Thank you for the suggestion, David.

I agree that not touching the original mtc is a better. It makes
the distinction between the two allocation attempts much clearer
and avoids the side-effect bug. Will update it then.

Best,
Bing

[PATCH v2] mm/vmscan: fix unintended mtc->nmask mutation in alloc_demote_folio()

Posted by Bing Jiao 1 month, 1 week ago

In alloc_demote_folio(), mtc->nmask is set to NULL for the first
allocation. If that succeeds, it returns without restoring mtc->nmask
to allowed_mask. For subsequent allocations from the migrate_pages()
batch, mtc->nmask will be NULL. If the target node then becomes full,
the fallback allocation will use nmask = NULL, allocating from any
node allowed by the task cpuset, which for kswapd is all nodes.

To address this issue, use a local copy of the mtc structure with
nmask = NULL for the first allocation attempt specifically, ensuring
the original mtc remains unmodified.

Fixes: 320080272892 ("mm/demotion: demote pages according to allocation fallback order")
Signed-off-by: Bing Jiao <bingjiao@google.com>
---
 mm/vmscan.c | 14 +++++---------
 1 file changed, 5 insertions(+), 9 deletions(-)

diff --git a/mm/vmscan.c b/mm/vmscan.c
index cbffc0a27824..c4e0ce737e03 100644
--- a/mm/vmscan.c
+++ b/mm/vmscan.c
@@ -966,13 +966,11 @@ static void folio_check_dirty_writeback(struct folio *folio,
 static struct folio *alloc_demote_folio(struct folio *src,
 		unsigned long private)
 {
+	struct migration_target_control *mtc, target_nid_mtc;
 	struct folio *dst;
-	nodemask_t *allowed_mask;
-	struct migration_target_control *mtc;

 	mtc = (struct migration_target_control *)private;

-	allowed_mask = mtc->nmask;
 	/*
 	 * make sure we allocate from the target node first also trying to
 	 * demote or reclaim pages from the target node via kswapd if we are
@@ -982,15 +980,13 @@ static struct folio *alloc_demote_folio(struct folio *src,
 	 * a demotion of cold pages from the target memtier.
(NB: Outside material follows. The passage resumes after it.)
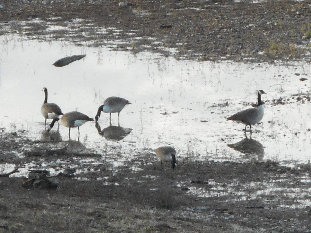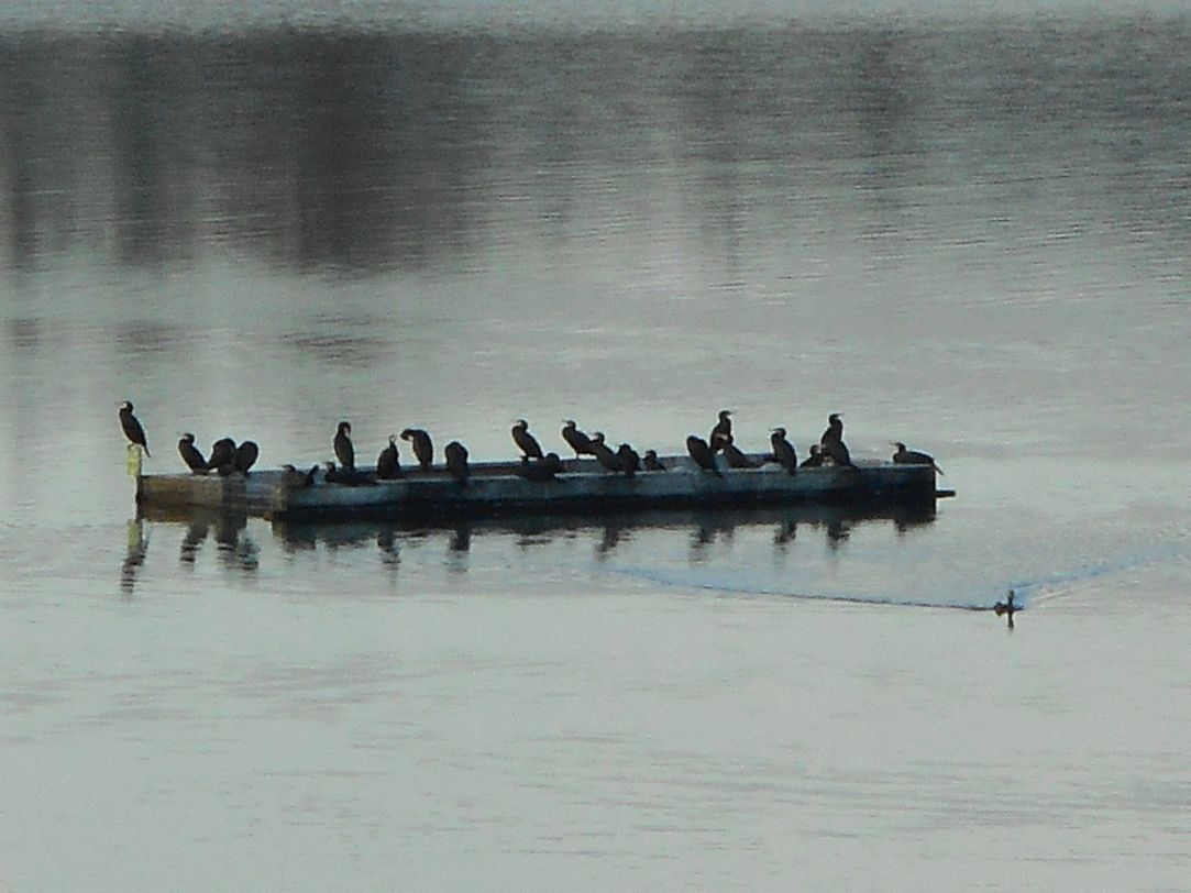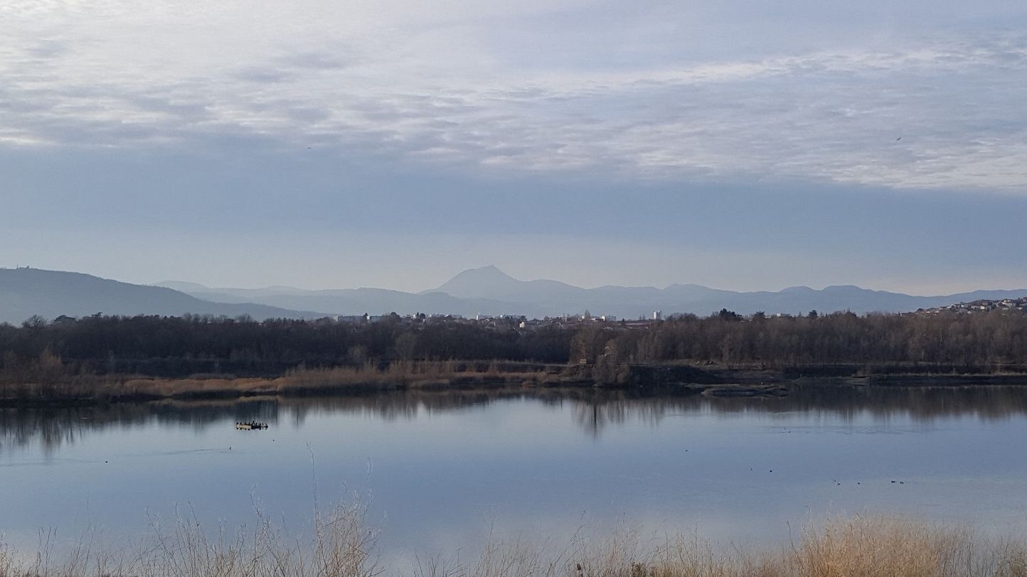 Nous retrouvons ensuite le grand bassin et la falaise aux hirondelles, avec la chaine des puys et le PDD en toile de fond. Ici, les oies bernaches cherchent leur nourriture sur les berges ; des cormorans sont installés sur un radeau ancré au milieu d’un bassin, des hérons s’activent à la pêche…et c’est le retour sur Pérignat tout proche.

This can result
 	 * in the kernel placing hot pages in slower(lower) memory tiers.
 	 */
-	mtc->nmask = NULL;
-	mtc->gfp_mask |= __GFP_THISNODE;
-	dst = alloc_migration_target(src, (unsigned long)mtc);
+	target_nid_mtc = *mtc;
+	target_nid_mtc.nmask = NULL;
+	target_nid_mtc.gfp_mask |= __GFP_THISNODE;
+	dst = alloc_migration_target(src, (unsigned long)&target_nid_mtc);
 	if (dst)
 		return dst;

-	mtc->gfp_mask &= ~__GFP_THISNODE;
-	mtc->nmask = allowed_mask;
-
 	return alloc_migration_target(src, (unsigned long)mtc);
 }

--
2.53.0.473.g4a7958ca14-goog

Re: [PATCH v2] mm/vmscan: fix unintended mtc->nmask mutation in alloc_demote_folio()
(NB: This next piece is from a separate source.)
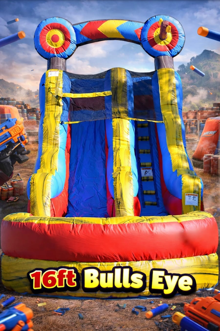 Make your next celebration unforgettable with the LOCO INFLATABLES 16FT Bulls Eyes Water Slide Wet/Dry This vibrant inflatable slide is designed to bring non-stop excitement for guests of all ages, whether it’s a birthday party, family reunion, school event, or neighborhood gathering. With its eye-catching Bulls Eye theme and thrilling center shot down to the pool, this inflatable guarantees laughter, joy, and plenty of splashes! 🎉💦

Posted by Lorenzo Stoakes 1 month, 1 week ago

On Tue, Mar 03, 2026 at 05:25:17AM +0000, Bing Jiao wrote:
> In alloc_demote_folio(), mtc->nmask is set to NULL for the first
> allocation. If that succeeds, it returns without restoring mtc->nmask
> to allowed_mask. For subsequent allocations from the migrate_pages()
> batch, mtc->nmask will be NULL. If the target node then becomes full,
> the fallback allocation will use nmask = NULL, allocating from any
> node allowed by the task cpuset, which for kswapd is all nodes.
>
> To address this issue, use a local copy of the mtc structure with
> nmask = NULL for the first allocation attempt specifically, ensuring
> the original mtc remains unmodified.
>
> Fixes: 320080272892 ("mm/demotion: demote pages according to allocation fallback order")
> Signed-off-by: Bing Jiao <bingjiao@google.com>

LGTM, so:

Reviewed-by: Lorenzo Stoakes <lorenzo.stoakes@oracle.com>

> ---
>  mm/vmscan.c | 14 +++++---------
>  1 file changed, 5 insertions(+), 9 deletions(-)
>
> diff --git a/mm/vmscan.c b/mm/vmscan.c
> index cbffc0a27824..c4e0ce737e03 100644
> --- a/mm/vmscan.c
> +++ b/mm/vmscan.c
> @@ -966,13 +966,11 @@ static void folio_check_dirty_writeback(struct folio *folio,
>  static struct folio *alloc_demote_folio(struct folio *src,
>  		unsigned long private)
>  {
> +	struct migration_target_control *mtc, target_nid_mtc;
>  	struct folio *dst;
> -	nodemask_t *allowed_mask;
> -	struct migration_target_control *mtc;
>
>  	mtc = (struct migration_target_control *)private;
>
> -	allowed_mask = mtc->nmask;
>  	/*
>  	 * make sure we allocate from the target node first also trying to
>  	 * demote or reclaim pages from the target node via kswapd if we are
> @@ -982,15 +980,13 @@ static struct folio *alloc_demote_folio(struct folio *src,
>  	 * a demotion of cold pages from the target memtier. This can result
>  	 * in the kernel placing hot pages in slower(lower) memory tiers.
>  	 */
> -	mtc->nmask = NULL;
> -	mtc->gfp_mask |= __GFP_THISNODE;
> -	dst = alloc_migration_target(src, (unsigned long)mtc);
> +	target_nid_mtc = *mtc;
> +	target_nid_mtc.nmask = NULL;
> +	target_nid_mtc.gfp_mask |= __GFP_THISNODE;
> +	dst = alloc_migration_target(src, (unsigned long)&target_nid_mtc);
>  	if (dst)
>  		return dst;
>
> -	mtc->gfp_mask &= ~__GFP_THISNODE;
> -	mtc->nmask = allowed_mask;
> -
>  	return alloc_migration_target(src, (unsigned long)mtc);
>  }
>
> --
> 2.53.0.473.g4a7958ca14-goog
>

Re: [PATCH v2] mm/vmscan: fix unintended mtc->nmask mutation in alloc_demote_folio()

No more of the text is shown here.